Exercise: Only the stretch below from the line holding "En cuir pleine" through the line holding "Changing room bench" should be restated, word for word and with both ends included; pictures stay out.

▬▬▬

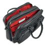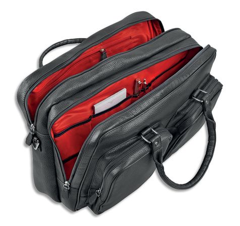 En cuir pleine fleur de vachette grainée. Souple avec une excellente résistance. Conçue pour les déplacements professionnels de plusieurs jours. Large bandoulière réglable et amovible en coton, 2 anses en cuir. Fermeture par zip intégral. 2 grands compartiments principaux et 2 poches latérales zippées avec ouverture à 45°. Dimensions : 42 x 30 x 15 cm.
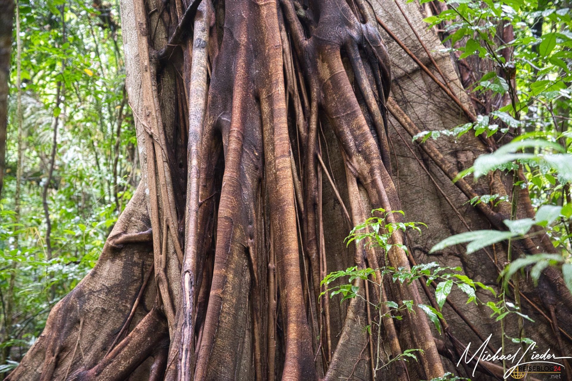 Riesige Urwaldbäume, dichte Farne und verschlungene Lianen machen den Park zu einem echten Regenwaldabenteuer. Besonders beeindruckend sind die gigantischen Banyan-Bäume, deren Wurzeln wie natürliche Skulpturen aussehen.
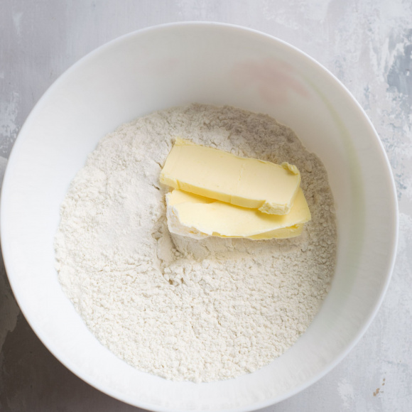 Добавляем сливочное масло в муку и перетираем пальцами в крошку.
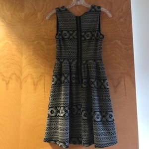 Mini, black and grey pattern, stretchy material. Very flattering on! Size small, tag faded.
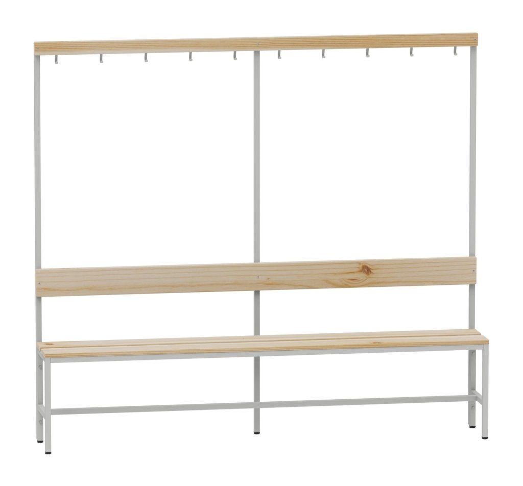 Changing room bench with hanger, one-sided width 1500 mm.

▬▬▬

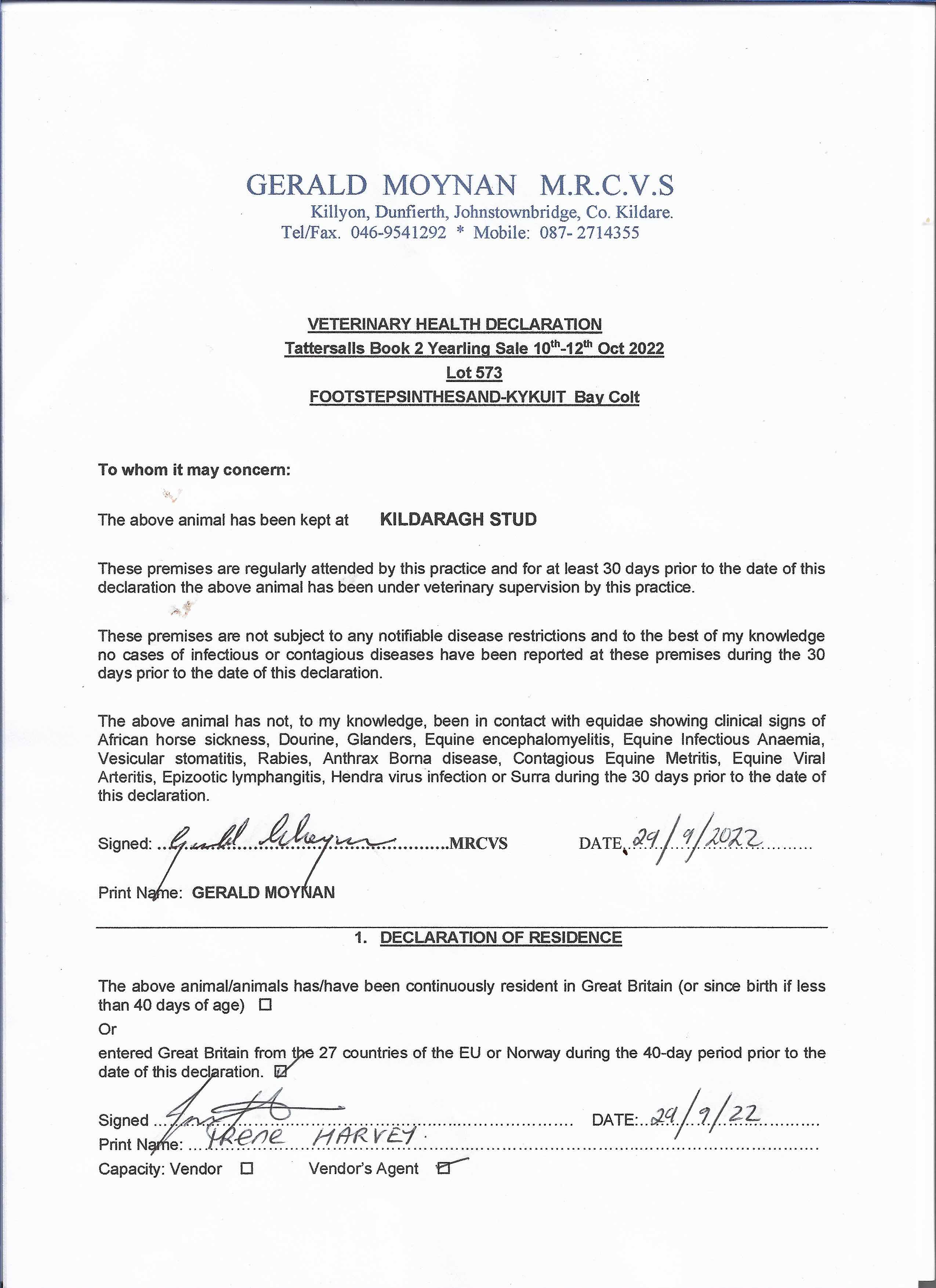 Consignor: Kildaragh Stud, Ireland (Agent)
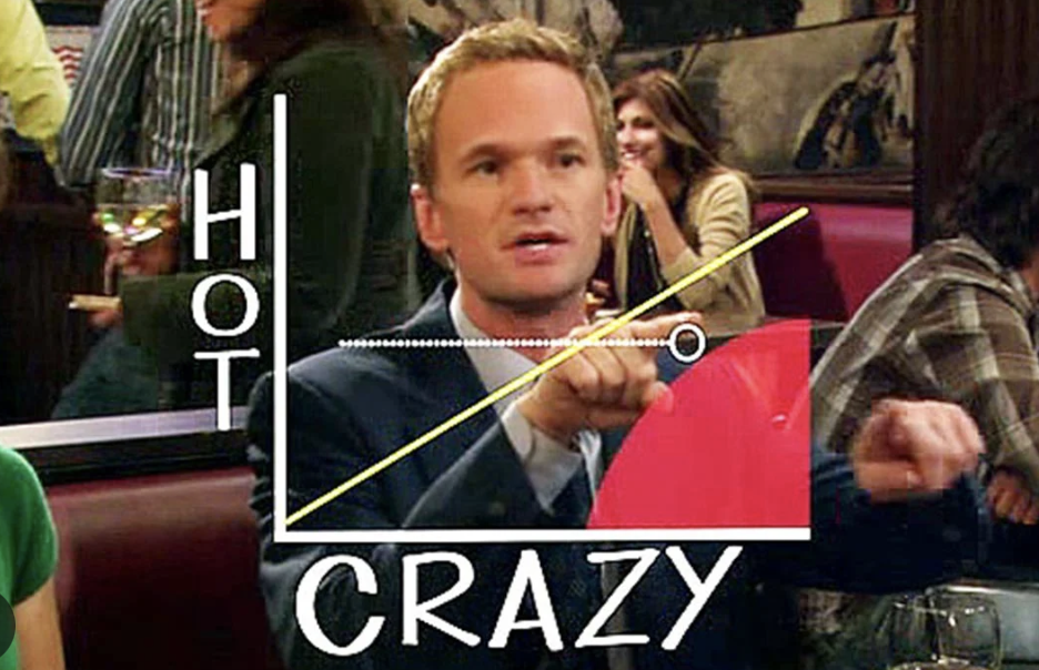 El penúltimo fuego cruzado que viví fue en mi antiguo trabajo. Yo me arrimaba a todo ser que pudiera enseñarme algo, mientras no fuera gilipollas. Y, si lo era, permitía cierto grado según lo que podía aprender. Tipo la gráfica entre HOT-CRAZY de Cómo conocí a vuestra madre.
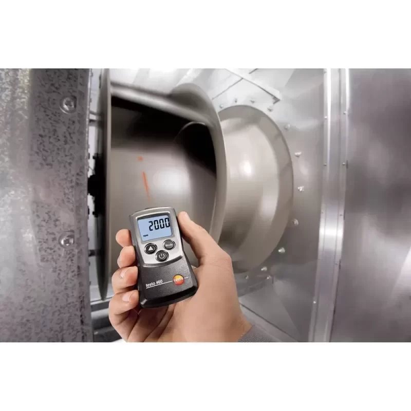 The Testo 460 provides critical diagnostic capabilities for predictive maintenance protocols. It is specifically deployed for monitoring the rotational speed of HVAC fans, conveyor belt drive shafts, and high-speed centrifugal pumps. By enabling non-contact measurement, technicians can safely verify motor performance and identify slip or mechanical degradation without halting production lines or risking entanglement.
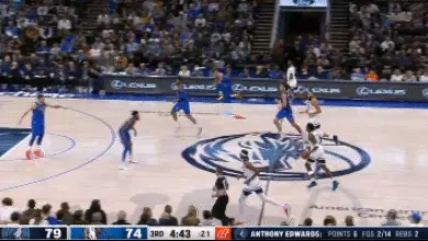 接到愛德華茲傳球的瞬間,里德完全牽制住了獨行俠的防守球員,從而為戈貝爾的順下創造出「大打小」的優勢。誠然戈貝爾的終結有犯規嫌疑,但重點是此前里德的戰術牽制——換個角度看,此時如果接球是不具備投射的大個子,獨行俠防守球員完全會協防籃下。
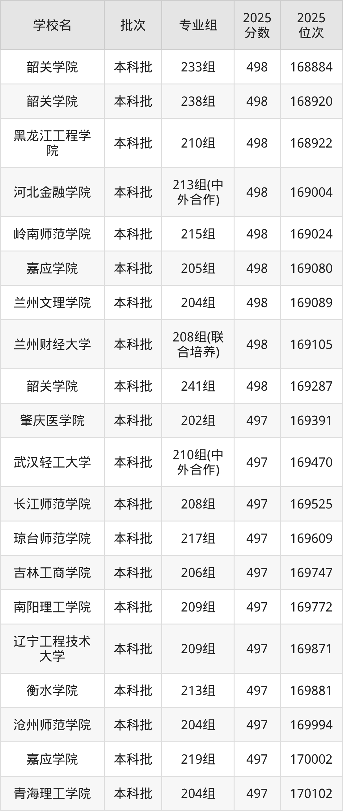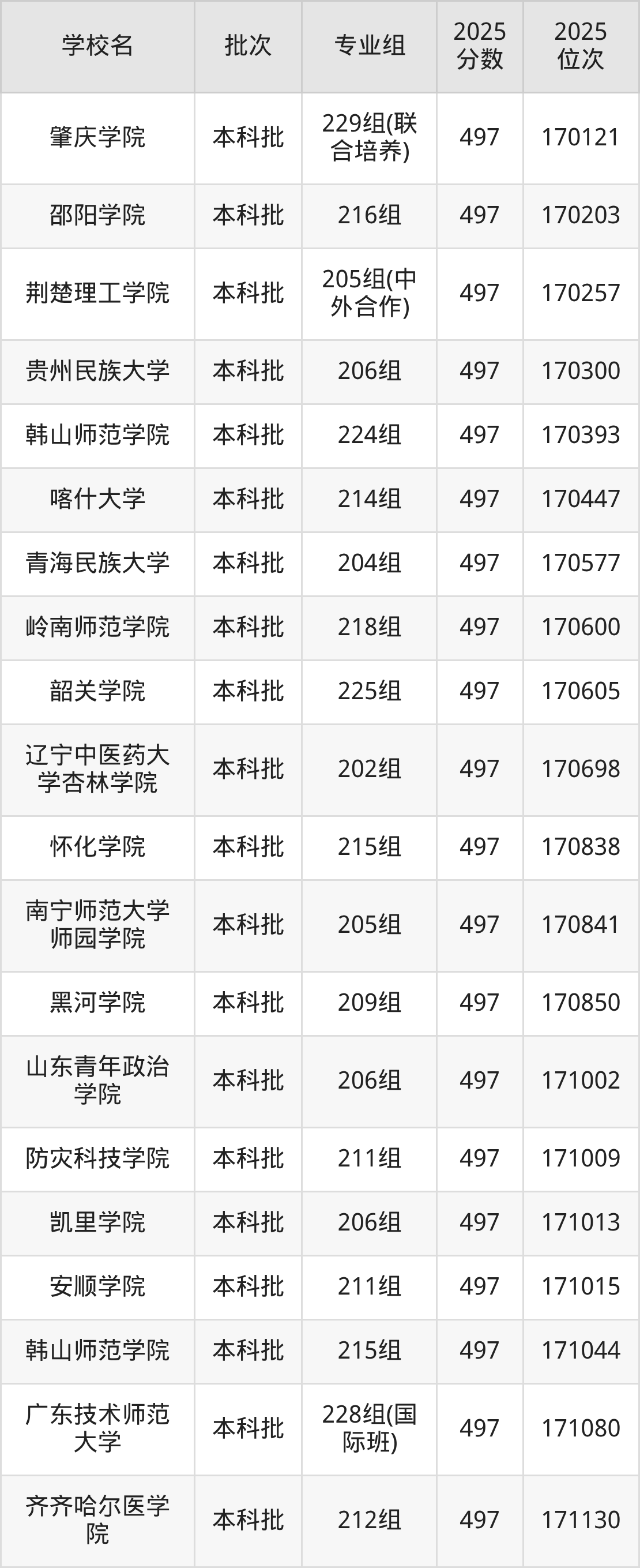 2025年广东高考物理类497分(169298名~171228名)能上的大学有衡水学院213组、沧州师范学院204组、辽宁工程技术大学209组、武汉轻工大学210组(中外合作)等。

▬▬▬

Result of the exercise:
 En cuir pleine fleur de vachette grainée. Souple avec une excellente résistance. Conçue pour les déplacements professionnels de plusieurs jours. Large bandoulière réglable et amovible en coton, 2 anses en cuir. Fermeture par zip intégral. 2 grands compartiments principaux et 2 poches latérales zippées avec ouverture à 45°. Dimensions : 42 x 30 x 15 cm.
 Riesige Urwaldbäume, dichte Farne und verschlungene Lianen machen den Park zu einem echten Regenwaldabenteuer. Besonders beeindruckend sind die gigantischen Banyan-Bäume, deren Wurzeln wie natürliche Skulpturen aussehen.
 Добавляем сливочное масло в муку и перетираем пальцами в крошку.
 Mini, black and grey pattern, stretchy material. Very flattering on! Size small, tag faded.
 Changing room bench with hanger, one-sided width 1500 mm.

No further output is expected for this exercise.